> **Problem requirements**: Go through the entries below and work out how many lines include "iris"; give only that number.

> **Supplied records**:
◆ ◆ ◆ ◆ ◆ ◆ ◆

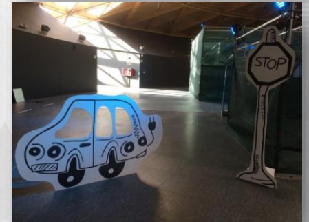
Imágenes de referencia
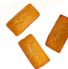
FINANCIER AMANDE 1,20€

◆ ◆ ◆ ◆ ◆ ◆ ◆

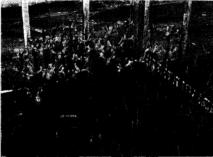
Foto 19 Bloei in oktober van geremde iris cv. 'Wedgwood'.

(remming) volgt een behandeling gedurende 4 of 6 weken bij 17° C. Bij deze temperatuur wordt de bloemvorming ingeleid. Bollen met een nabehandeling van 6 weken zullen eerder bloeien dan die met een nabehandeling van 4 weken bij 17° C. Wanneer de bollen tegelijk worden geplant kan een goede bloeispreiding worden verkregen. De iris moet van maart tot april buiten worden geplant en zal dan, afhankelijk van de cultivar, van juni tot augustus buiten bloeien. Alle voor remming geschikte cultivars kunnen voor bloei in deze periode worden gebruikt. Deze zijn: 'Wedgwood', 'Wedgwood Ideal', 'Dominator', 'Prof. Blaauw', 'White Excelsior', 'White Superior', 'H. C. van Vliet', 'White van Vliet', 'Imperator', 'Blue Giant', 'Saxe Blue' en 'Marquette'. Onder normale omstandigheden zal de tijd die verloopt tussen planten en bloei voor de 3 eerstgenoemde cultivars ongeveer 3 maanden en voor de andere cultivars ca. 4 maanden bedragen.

◆ ◆ ◆ ◆ ◆ ◆ ◆

> **Response to this exercise**: 2